• Work instructions: The listing is to be repeated exactly, and its pictures are to be left out.

[Given material Boundary: Start]

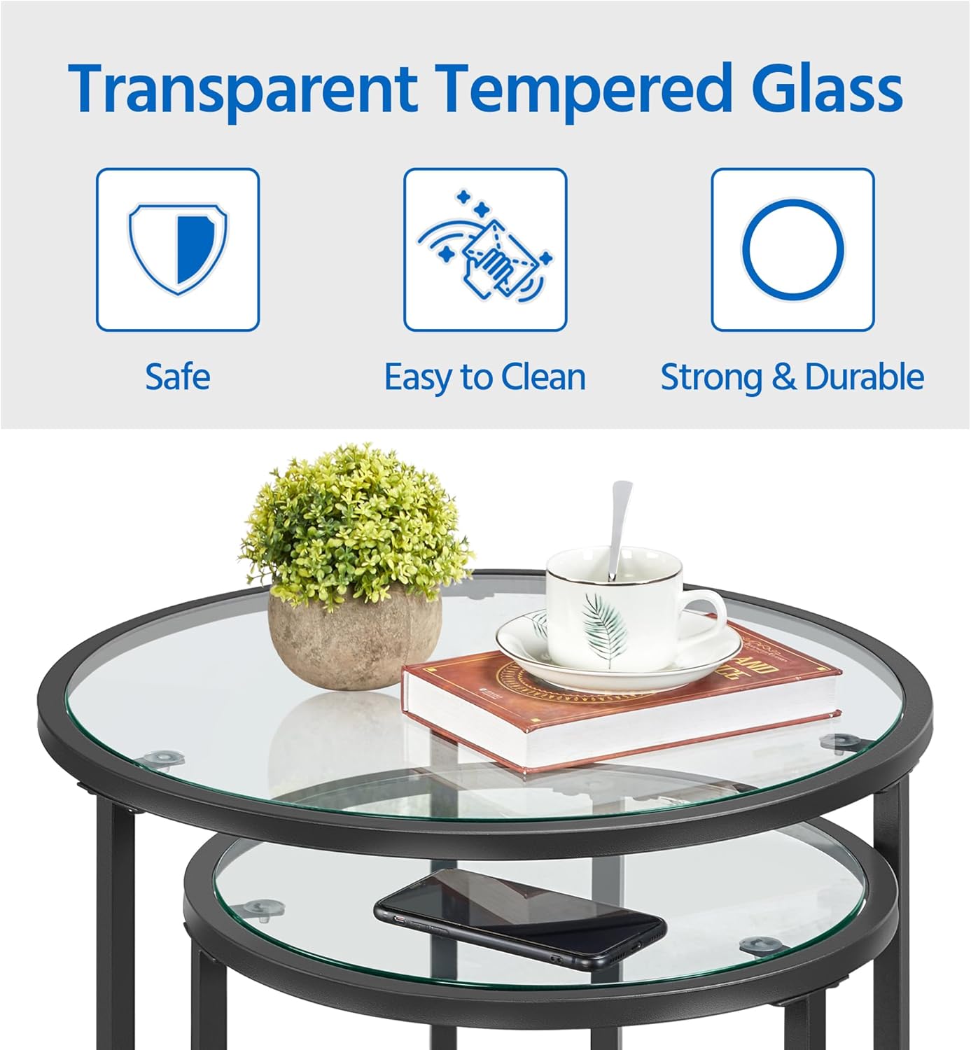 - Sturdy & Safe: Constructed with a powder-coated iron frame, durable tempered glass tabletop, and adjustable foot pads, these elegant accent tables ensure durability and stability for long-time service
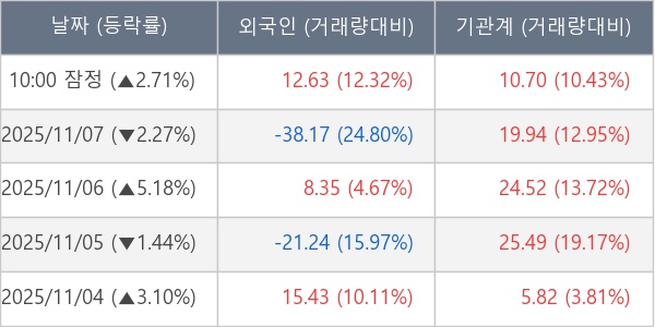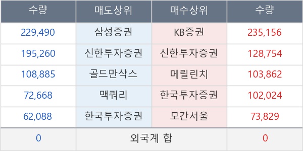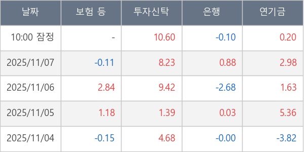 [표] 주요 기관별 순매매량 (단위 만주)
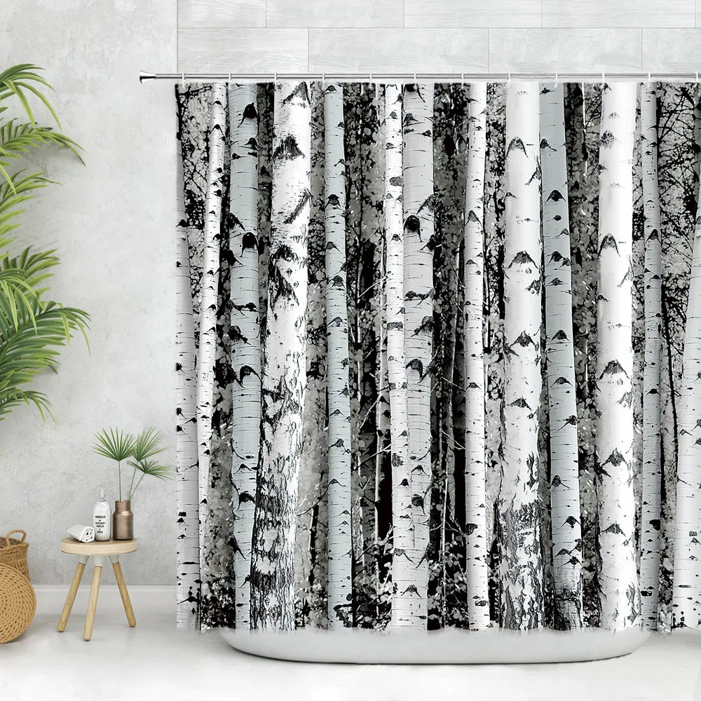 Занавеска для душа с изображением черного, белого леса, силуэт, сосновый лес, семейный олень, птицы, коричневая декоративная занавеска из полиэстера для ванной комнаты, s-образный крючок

[Given material Boundary: End]

• Exercise result:
 - Sturdy & Safe: Constructed with a powder-coated iron frame, durable tempered glass tabletop, and adjustable foot pads, these elegant accent tables ensure durability and stability for long-time service
 [표] 주요 기관별 순매매량 (단위 만주)
 Занавеска для душа с изображением черного, белого леса, силуэт, сосновый лес, семейный олень, птицы, коричневая декоративная занавеска из полиэстера для ванной комнаты, s-образный крючок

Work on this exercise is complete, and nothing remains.